EXERCISE DESCRIPTION — Every line of the listing must be reproduced as it stands. Leave the images behind.

COLLECTED MATERIAL —
■ ■ ■

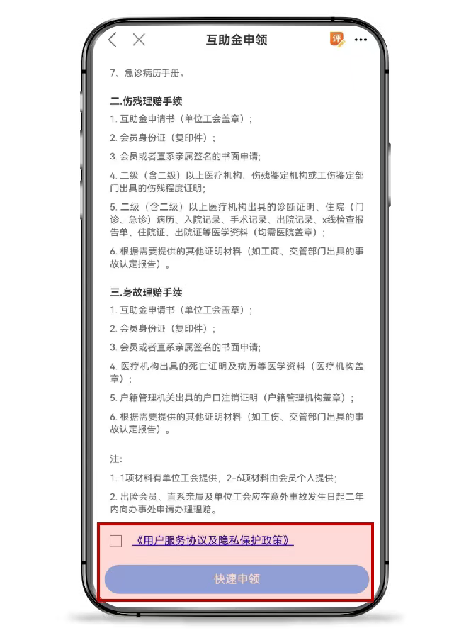 3、进入到申领页面后,详细了解申领材料信息,下拉至页面末;勾选《用户服务协议及隐私保护政策》,点击快速申领;
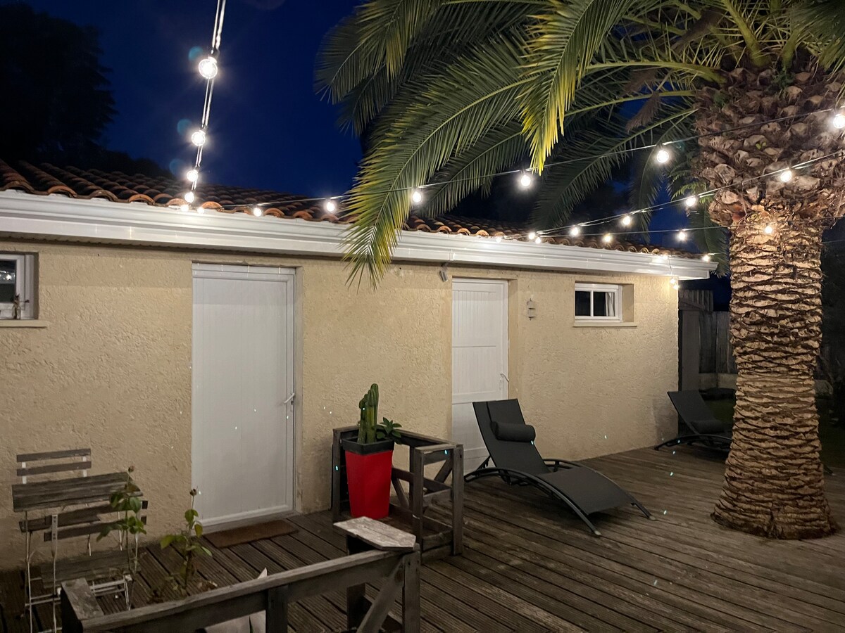 Bordeaux Saint Augustin charming and warm studio for 2 people, completely independent, with individual access and pleasant small private garden, wooded. Ideally located, close to Saint Augustin (50 m), Bel Air (250 m) and Pellegrin Hospital (800 m) clinics. 7 minutes by bus to Bordeaux city center (bus stop 50 m from the studio). 30 minutes from Mérignac Airport by tram (direct line) and 30 minutes from Saint Jean train station (line 9) Parking is free on the street
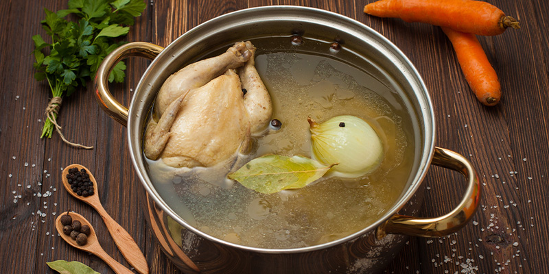 Brühen, wie auch die Hühnerbrühe, bilden die Grundlage für Suppen, Saucen und andere Gerichte. Sie sind so etwas wie die Essenz von Gemüse- ,Fleisch-, Fisch- oder Geflügelsorten. Durch langes und langsames vor sich her köcheln werden die Inhalts- und Geschmacksstoffe der Lebensmittel an das Wasser in dem sie Kochen abgegeben und dadurch besonders intensiv im Geschmack. Daher verleihen sie Gerichten jeglicher Art eine besonders würzige Note. Bei der Hühnerbrühe kocht man, wie sollte es auch anderes sein Huhn und/ oder Hühnerklein zusammen mit grob geschnittenem Suppengemüse und Gewürzen für mindestens 3 Stunden langsam aus. Nach dieser Zeit filtert man die Suppe und lässt sie abkühlen. Beim Erkalten bildet sich eine Fettschicht obenauf und diese kann einfach entfernt werden. Zurück bleibt eine kräftig schmeckende Hühnerbrühe. Diese kann ganz einfach selbst zuhause gekocht werden. Aber auch in jedem Supermarkt findet man sie als Instant, als Würfel oder flüssig im Glas im Regal und kann sie bequem kaufen. Man verwendet Brühen aber nicht nur als Grundlage für Suppen und Saucen. Auch kann man Reis oder Nudeln in ihr kochen, um diese würziger zu machen. Oder man kann Eintöpfe wie auch Pfannengerichte mit ihr verfeinern.
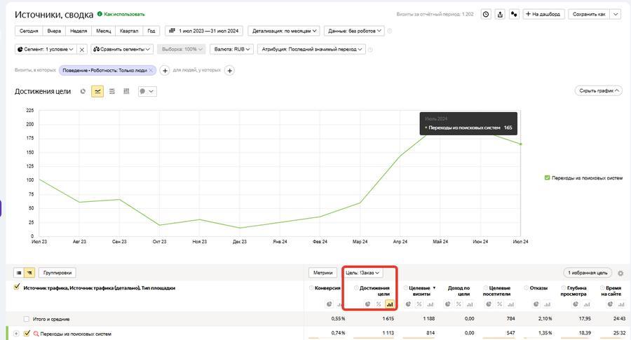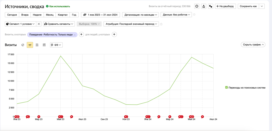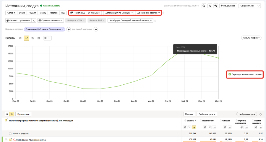 Трафик из поисковых систем по сравнению с тем же периодом прошлого года увеличился на 57%. В июле 2024 года 8636 визитов против 13571 визит в июле 2024 года

■ ■ ■

WRITTEN SOLUTION —
 3、进入到申领页面后,详细了解申领材料信息,下拉至页面末;勾选《用户服务协议及隐私保护政策》,点击快速申领;
 Bordeaux Saint Augustin charming and warm studio for 2 people, completely independent, with individual access and pleasant small private garden, wooded. Ideally located, close to Saint Augustin (50 m), Bel Air (250 m) and Pellegrin Hospital (800 m) clinics. 7 minutes by bus to Bordeaux city center (bus stop 50 m from the studio). 30 minutes from Mérignac Airport by tram (direct line) and 30 minutes from Saint Jean train station (line 9) Parking is free on the street
 Brühen, wie auch die Hühnerbrühe, bilden die Grundlage für Suppen, Saucen und andere Gerichte. Sie sind so etwas wie die Essenz von Gemüse- ,Fleisch-, Fisch- oder Geflügelsorten. Durch langes und langsames vor sich her köcheln werden die Inhalts- und Geschmacksstoffe der Lebensmittel an das Wasser in dem sie Kochen abgegeben und dadurch besonders intensiv im Geschmack. Daher verleihen sie Gerichten jeglicher Art eine besonders würzige Note. Bei der Hühnerbrühe kocht man, wie sollte es auch anderes sein Huhn und/ oder Hühnerklein zusammen mit grob geschnittenem Suppengemüse und Gewürzen für mindestens 3 Stunden langsam aus. Nach dieser Zeit filtert man die Suppe und lässt sie abkühlen. Beim Erkalten bildet sich eine Fettschicht obenauf und diese kann einfach entfernt werden. Zurück bleibt eine kräftig schmeckende Hühnerbrühe. Diese kann ganz einfach selbst zuhause gekocht werden. Aber auch in jedem Supermarkt findet man sie als Instant, als Würfel oder flüssig im Glas im Regal und kann sie bequem kaufen. Man verwendet Brühen aber nicht nur als Grundlage für Suppen und Saucen. Auch kann man Reis oder Nudeln in ihr kochen, um diese würziger zu machen. Oder man kann Eintöpfe wie auch Pfannengerichte mit ihr verfeinern.
 Трафик из поисковых систем по сравнению с тем же периодом прошлого года увеличился на 57%. В июле 2024 года 8636 визитов против 13571 визит в июле 2024 года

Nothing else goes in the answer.